I’ve realized that in our generation many people misuse love and are anxious to find it. The truth is it comes when it comes and when it does welcome it with arms wide open. Love unravels like the soft petals on a white rose that’s nourished by the earth’s warm soil. Although my feelings for him at first were difficult to understand because it was brand-new to me, loving him was natural.

 

He was then asked to work overseas after just several months of us being together. When we were together, I witnessed his dedication for writing and telling stories. Being a supportive girlfriend, I was always there to encourage him in anything and for him to take the wonderful opportunity to work abroad. After all, he had really deserved to put his talent for writing into good use. This is both of our first relationship. We decided to work a long distance relationship. I let him go abroad little over a year after our first year together.

 

In this relationship, separation and stress tested the strength of our love.

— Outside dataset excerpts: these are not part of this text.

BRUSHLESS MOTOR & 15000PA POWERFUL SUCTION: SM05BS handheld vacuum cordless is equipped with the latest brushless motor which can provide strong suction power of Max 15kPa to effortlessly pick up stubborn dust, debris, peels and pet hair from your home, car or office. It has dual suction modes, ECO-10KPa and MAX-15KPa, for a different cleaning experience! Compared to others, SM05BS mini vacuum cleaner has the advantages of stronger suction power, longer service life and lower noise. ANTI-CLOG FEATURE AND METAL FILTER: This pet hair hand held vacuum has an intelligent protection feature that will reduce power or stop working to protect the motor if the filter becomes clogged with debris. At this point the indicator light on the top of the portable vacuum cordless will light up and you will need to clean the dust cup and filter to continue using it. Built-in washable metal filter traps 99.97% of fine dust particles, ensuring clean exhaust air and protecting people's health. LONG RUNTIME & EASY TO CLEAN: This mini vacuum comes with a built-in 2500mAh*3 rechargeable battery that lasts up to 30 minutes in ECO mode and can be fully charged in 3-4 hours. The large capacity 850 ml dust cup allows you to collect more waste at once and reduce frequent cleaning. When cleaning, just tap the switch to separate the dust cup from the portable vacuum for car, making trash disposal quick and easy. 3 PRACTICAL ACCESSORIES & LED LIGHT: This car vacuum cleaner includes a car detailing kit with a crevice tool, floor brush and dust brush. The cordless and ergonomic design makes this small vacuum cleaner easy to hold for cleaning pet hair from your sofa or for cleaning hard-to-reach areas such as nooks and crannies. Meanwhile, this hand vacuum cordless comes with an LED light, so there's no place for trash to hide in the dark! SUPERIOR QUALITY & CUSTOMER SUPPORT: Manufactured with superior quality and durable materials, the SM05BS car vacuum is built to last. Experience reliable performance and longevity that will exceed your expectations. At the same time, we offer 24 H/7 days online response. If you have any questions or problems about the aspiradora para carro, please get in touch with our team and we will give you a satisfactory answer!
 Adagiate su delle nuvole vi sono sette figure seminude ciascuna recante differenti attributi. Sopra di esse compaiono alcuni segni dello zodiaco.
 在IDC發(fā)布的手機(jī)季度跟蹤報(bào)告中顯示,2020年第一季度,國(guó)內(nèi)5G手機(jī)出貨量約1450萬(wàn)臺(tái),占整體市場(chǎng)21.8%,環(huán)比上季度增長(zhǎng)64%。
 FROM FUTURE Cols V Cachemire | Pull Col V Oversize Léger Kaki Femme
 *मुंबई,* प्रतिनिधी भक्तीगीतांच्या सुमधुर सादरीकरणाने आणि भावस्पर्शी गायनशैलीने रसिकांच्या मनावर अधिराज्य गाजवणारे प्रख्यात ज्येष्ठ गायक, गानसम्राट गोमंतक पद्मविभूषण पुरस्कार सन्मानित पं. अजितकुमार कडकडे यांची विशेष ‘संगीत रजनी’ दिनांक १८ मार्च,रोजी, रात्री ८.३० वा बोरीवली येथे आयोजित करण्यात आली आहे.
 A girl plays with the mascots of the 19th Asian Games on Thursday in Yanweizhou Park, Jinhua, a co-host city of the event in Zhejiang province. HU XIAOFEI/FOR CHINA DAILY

There were several attempts to resolve a communication problem, which happens in most long distance relationships. Yet, after several trials of fixing this dilemma, I realized that there are two main steps for resolution in partnership conflicts. First, people should have immediate discussion about the problem. Second it leads to compromising. Love is like a flower that should be nourished with care and a “break” should never be the answer because it results in decay. I will never understand why he asked or why people in relationships as for a break from each other. Even when one is underneath the cloud of stress, a break shouldn’t be the answer to untie a struggle. I gave him the break and space for growth as he initially requested, but without me in his life. I also understood that his physical and emotional care for me was missing. At the end, it was absolute I needed to take care of my heart. It wasn’t easy, it took so much courage and strength to accept that maybe it wasn’t the right time for us/bad timing. I don’t regret making this decision because our love story is something that I’ll always treasure.